Do you have any recommendation or best practice guidelines on the GVCFGQBands setting? This used to be (gatk < 3.2) [0,5,20,60] but has been changed one block per GQ value in gatk > 3.3. We would like to decrease the file size of the g.vcf files without loosing to much resolution / sensitivity. In the gvcf docs the 'old' defaults are still mentioned: https://www.broadinstitute.org/gatk/guide/article?id=4017

Thanks,
Robert

Tagged:

Answers

  • SheilaSheila Broad InstituteMember, Broadie, Moderator

    @rernst
    Hi Robert,

    We don't provide recommendations for the blocks, as it is up to you to determine what works for your analysis. The reason we changed from the original default blocks was to provide more resolution. However, if the file is too big with the current default blocks, you can try experimenting with the band size to find a size that gives you good resolution and small file size.

    Good luck!

    -Sheila

  • Geraldine_VdAuweraGeraldine_VdAuwera Cambridge, MAMember, Administrator, Broadie

    You may notice that the bands are only single position up to a certain multiple of 10 (I think 50 but I could be misremembering). The idea is to find the optimal balance between resolution in the low-confidence areas, and good compression in the high-confidence areas. The happy trade off point will vary with the quality of your sequencing data, so don't hesitate to adapt the scheme to the data you have (look at distribution of GQ values in a bp_resolution dataset to get a sense of what you're dealing with).

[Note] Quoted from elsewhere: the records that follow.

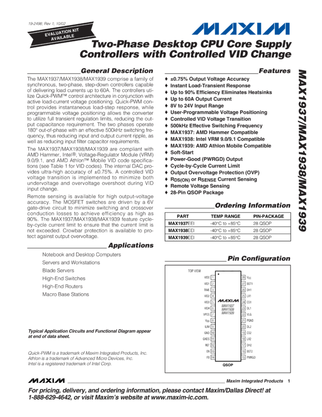 MAX1937, MAX1938, MAX1939 Two-Phase Desktop CPU Core Supply Controllers with Controlled VID Change
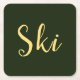 SKI Fun Modern Script Elegant Dark Forest Green Square Paper Coaster
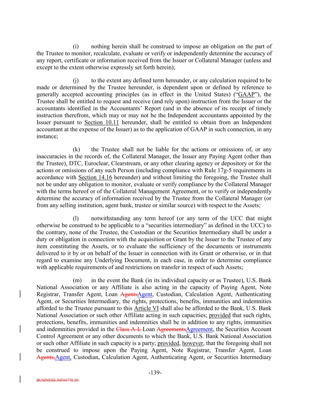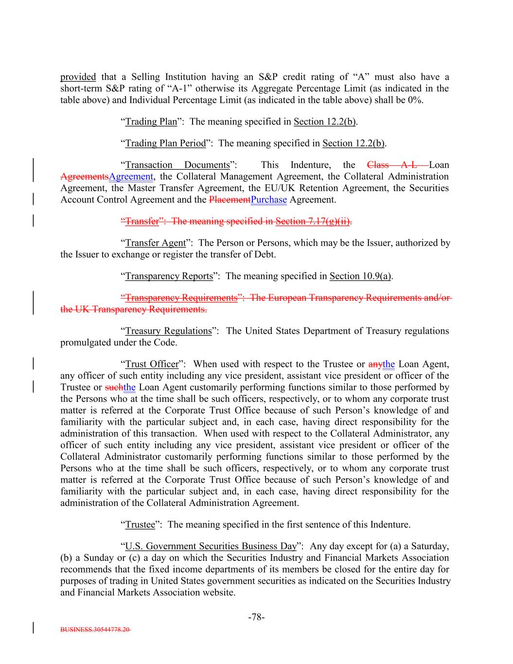 BUSINESS.30544778.20 -78- provided that a Selling Institution having an S&P credit rating of “A” must also have a short-term S&P rating of “A-1” otherwise its Aggregate Percentage Limit (as indicated in the table above) and Individual Percentage Limit (as indicated in the table above) shall be 0%. “Trading Plan”: The meaning specified in Section 12.2(b). “Trading Plan Period”: The meaning specified in Section 12.2(b). “Transaction Documents”: This Indenture, the Class A-L Loan AgreementsAgreement, the Collateral Management Agreement, the Collateral Administration Agreement, the Master Transfer Agreement, the EU/UK Retention Agreement, the Securities Account Control Agreement and the PlacementPurchase Agreement. “Transfer”: The meaning specified in Section 7.17(g)(ii). “Transfer Agent”: The Person or Persons, which may be the Issuer, authorized by the Issuer to exchange or register the transfer of Debt. “Transparency Reports”: The meaning specified in Section 10.9(a). “Transparency Requirements”: The European Transparency Requirements and/or the UK Transparency Requirements. “Treasury Regulations”: The United States Department of Treasury regulations promulgated under the Code. “Trust Officer”: When used with respect to the Trustee or anythe Loan Agent, any officer of such entity including any vice president, assistant vice president or officer of the Trustee or suchthe Loan Agent customarily performing functions similar to those performed by the Persons who at the time shall be such officers, respectively, or to whom any corporate trust matter is referred at the Corporate Trust Office because of such Person’s knowledge of and familiarity with the particular subject and, in each case, having direct responsibility for the administration of this transaction. When used with respect to the Collateral Administrator, any officer of such entity including any vice president, assistant vice president or officer of the Collateral Administrator customarily performing functions similar to those performed by the Persons who at the time shall be such officers, respectively, or to whom any corporate trust matter is referred at the Corporate Trust Office because of such Person’s knowledge of and familiarity with the particular subject and, in each case, having direct responsibility for the administration of the Collateral Administration Agreement. “Trustee”: The meaning specified in the first sentence of this Indenture. “U.S. Government Securities Business Day”: Any day except for (a) a Saturday, (b) a Sunday or (c) a day on which the Securities Industry and Financial Markets Association recommends that the fixed income departments of its members be closed for the entire day for purposes of trading in United States government securities as indicated on the Securities Industry and Financial Markets Association website.

    We will make a note to update the doc.

  • rernstrernst UMC UtrechtMember
    edited February 2016

    Thanks for the answers.

    Because I wanted to see how small a gvcf approximately could get I wanted to use the following bins:
    GVCFBlock0-100=minGQ=0(inclusive),maxGQ=100(exclusive)
    GVCFBlock100-2147483647=minGQ=100(inclusive),maxGQ=2147483647(exclusive)

    However I see a lot of positions that are not binned together even though they fall in the same bin, for example:
    1 12808 . G . . END=12994 GT:DP:GQ:MIN_DP:PL 0/0:23:21:16:0,21,615
    1 12995 . C . . END=12996 GT:DP:GQ:MIN_DP:PL 0/0:34:99:34:0,102,1460
    1 12997 . C . . END=12998 GT:DP:GQ:MIN_DP:PL 0/0:35:99:34:0,99,1485
    1 12999 . C . . END=13024 GT:DP:GQ:MIN_DP:PL 0/0:40:99:37:0,100,1438
    1 13025 . T . . END=13025 GT:DP:GQ:MIN_DP:PL 0/0:42:99:42:0,99,1721
    1 13026 . G . . END=13078 GT:DP:GQ:MIN_DP:PL 0/0:52:99:43:0,114,1750

    I also see this behaviour when using a more sophisticated binning strategy (I only show 2 blocks):
    GVCFBlock60-70=minGQ=60(inclusive),maxGQ=70(exclusive)
    GVCFBlock90-2147483647=minGQ=90(inclusive),maxGQ=2147483647(exclusive)
    1 12872 . G . . END=12881 GT:DP:GQ:MIN_DP:PL 0/0:24:61:24:0,61,969
    1 12882 . C . . END=12882 GT:DP:GQ:MIN_DP:PL 0/0:25:60:25:0,60,1057

    1 14457 . A . . END=14457 GT:DP:GQ:MIN_DP:PL 0/0:35:90:35:0,90,1398
    1 14458 . G . . END=14463 GT:DP:GQ:MIN_DP:PL 0/0:36:92:35:0,92,1364

    To my understanding these all fall in the same block, nevertheless they are printed as separate blocks. Do you have any clue what the cause of this is?

  • Geraldine_VdAuweraGeraldine_VdAuwera Cambridge, MAMember, Administrator, Broadie

    Can you post the list of blocks defined in the GVCF header?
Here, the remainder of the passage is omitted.